*PROVIDED MATERIAL*

◆ ◆ ◆ ◆ ◆

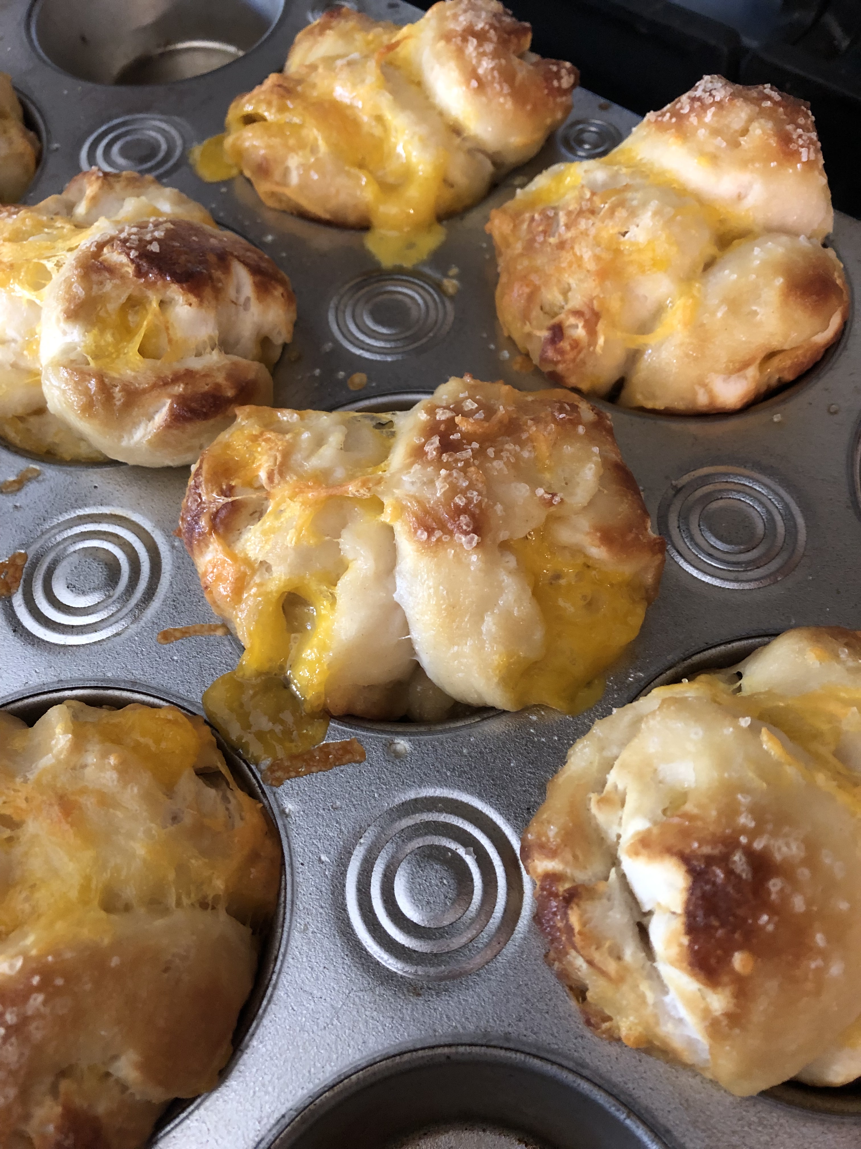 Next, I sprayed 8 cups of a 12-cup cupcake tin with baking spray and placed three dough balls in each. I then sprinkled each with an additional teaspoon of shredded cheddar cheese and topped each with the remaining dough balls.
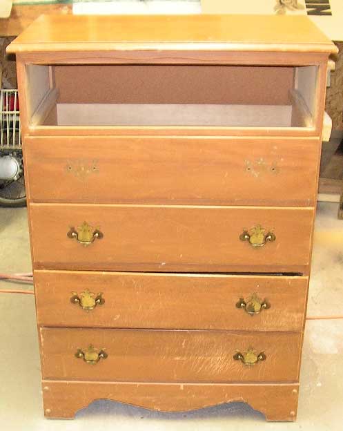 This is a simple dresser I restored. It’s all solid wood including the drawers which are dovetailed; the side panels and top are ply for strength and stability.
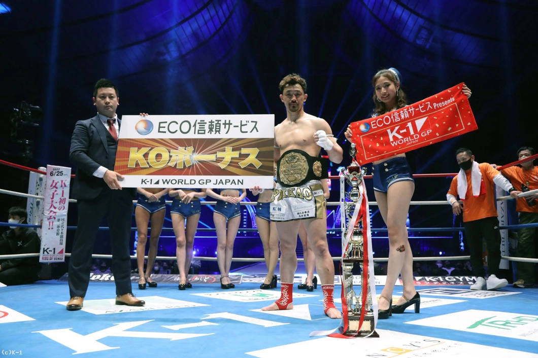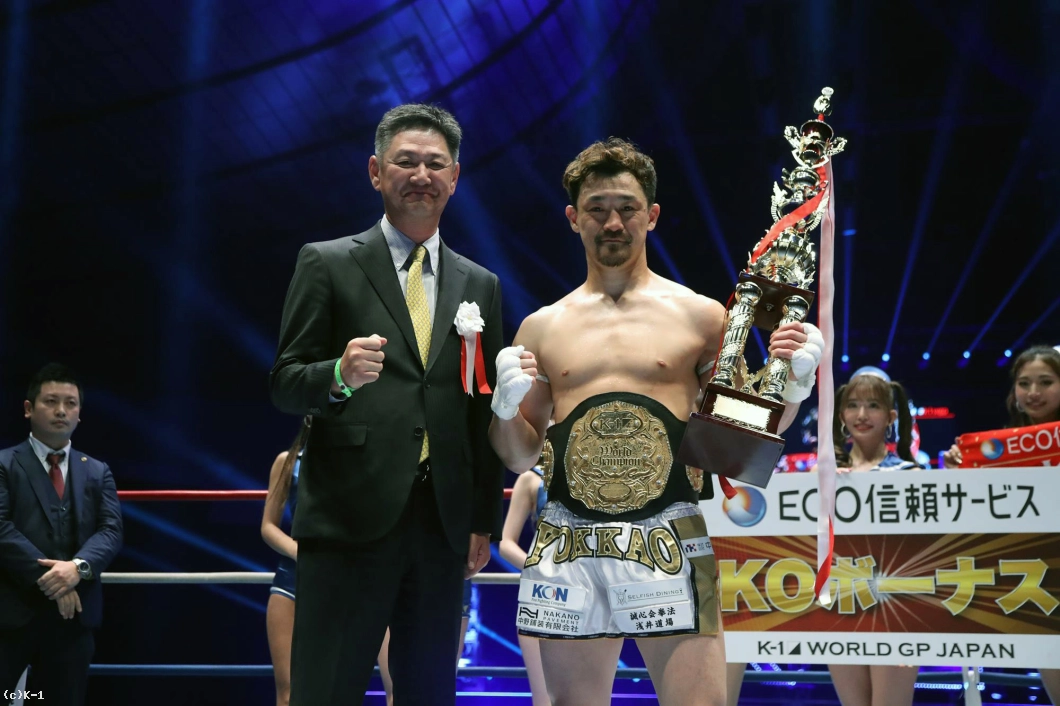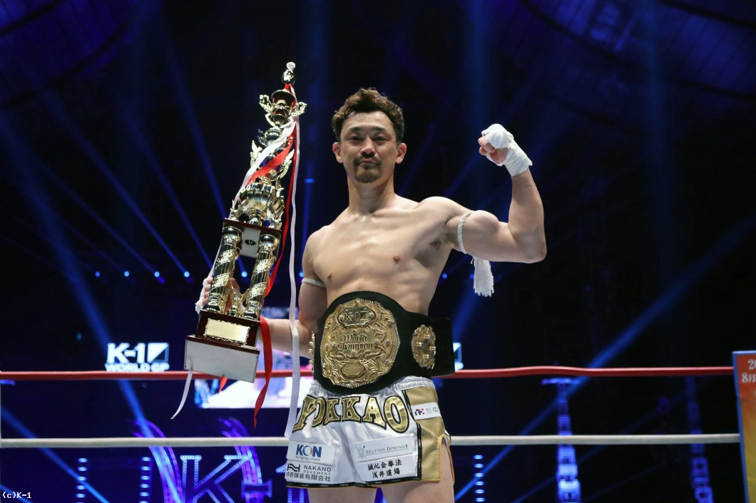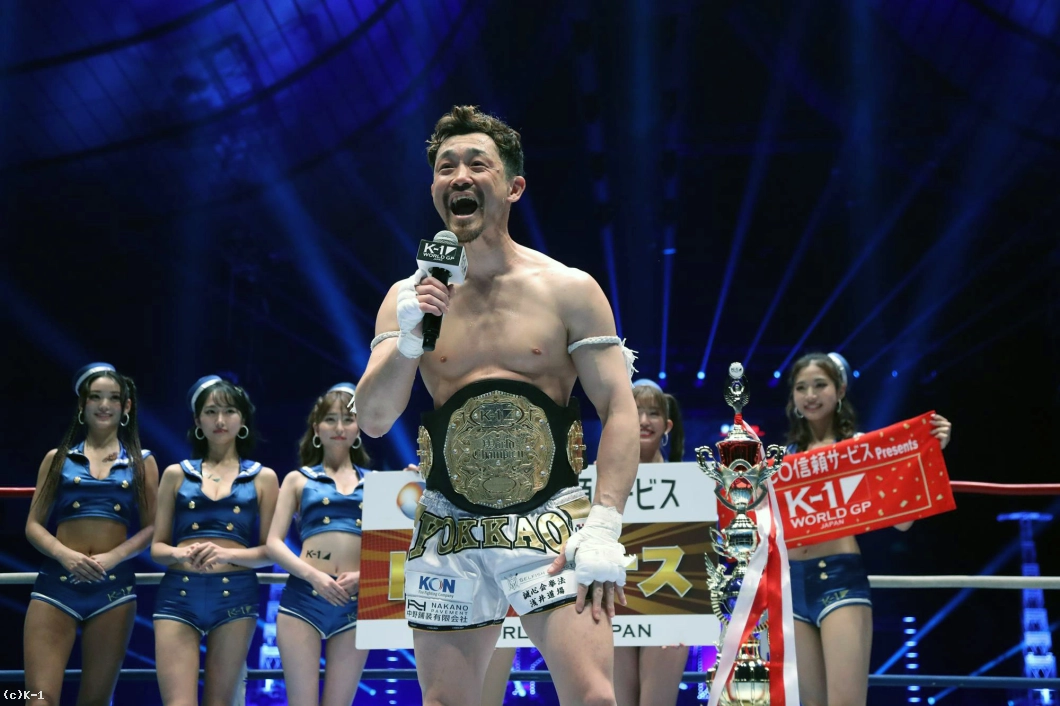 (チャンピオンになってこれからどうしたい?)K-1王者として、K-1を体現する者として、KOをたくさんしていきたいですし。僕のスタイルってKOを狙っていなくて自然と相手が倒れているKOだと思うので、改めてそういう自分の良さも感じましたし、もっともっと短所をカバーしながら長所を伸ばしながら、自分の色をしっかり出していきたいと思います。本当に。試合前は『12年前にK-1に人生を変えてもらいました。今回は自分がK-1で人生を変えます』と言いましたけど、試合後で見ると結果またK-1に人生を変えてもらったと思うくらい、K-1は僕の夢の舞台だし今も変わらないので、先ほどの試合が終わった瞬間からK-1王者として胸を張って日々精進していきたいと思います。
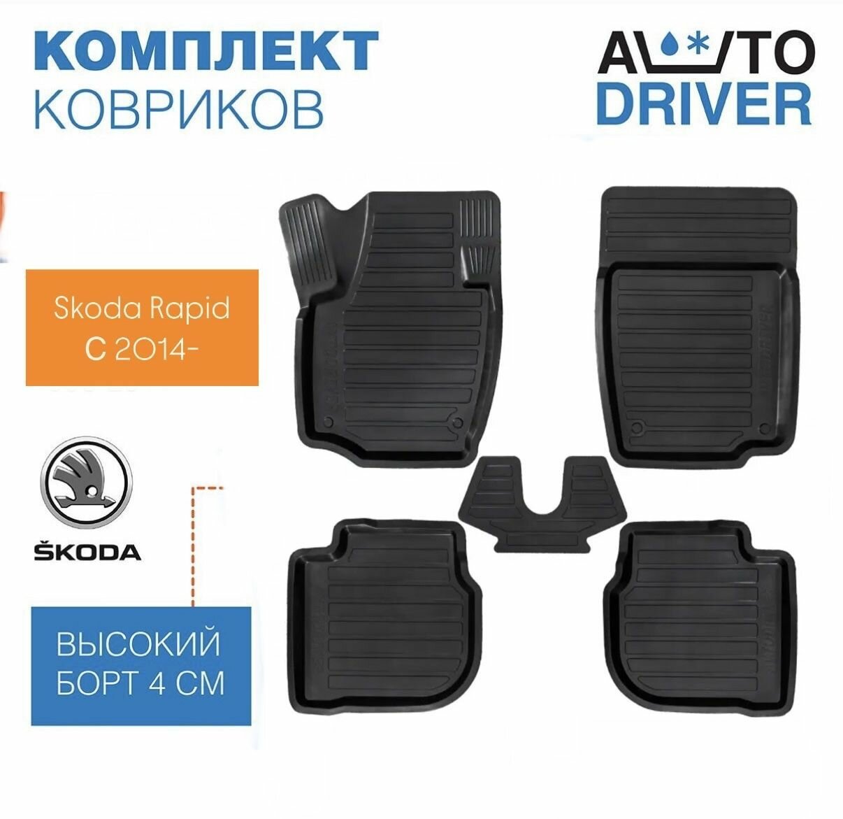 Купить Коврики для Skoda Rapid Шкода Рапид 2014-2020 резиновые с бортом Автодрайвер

◆ ◆ ◆ ◆ ◆

A faithful copy of all the lines above is needed, with the pictures omitted.

*ANSWER*
 Next, I sprayed 8 cups of a 12-cup cupcake tin with baking spray and placed three dough balls in each. I then sprinkled each with an additional teaspoon of shredded cheddar cheese and topped each with the remaining dough balls.
 This is a simple dresser I restored. It’s all solid wood including the drawers which are dovetailed; the side panels and top are ply for strength and stability.
 (チャンピオンになってこれからどうしたい?)K-1王者として、K-1を体現する者として、KOをたくさんしていきたいですし。僕のスタイルってKOを狙っていなくて自然と相手が倒れているKOだと思うので、改めてそういう自分の良さも感じましたし、もっともっと短所をカバーしながら長所を伸ばしながら、自分の色をしっかり出していきたいと思います。本当に。試合前は『12年前にK-1に人生を変えてもらいました。今回は自分がK-1で人生を変えます』と言いましたけど、試合後で見ると結果またK-1に人生を変えてもらったと思うくらい、K-1は僕の夢の舞台だし今も変わらないので、先ほどの試合が終わった瞬間からK-1王者として胸を張って日々精進していきたいと思います。
 Купить Коврики для Skoda Rapid Шкода Рапид 2014-2020 резиновые с бортом Автодрайвер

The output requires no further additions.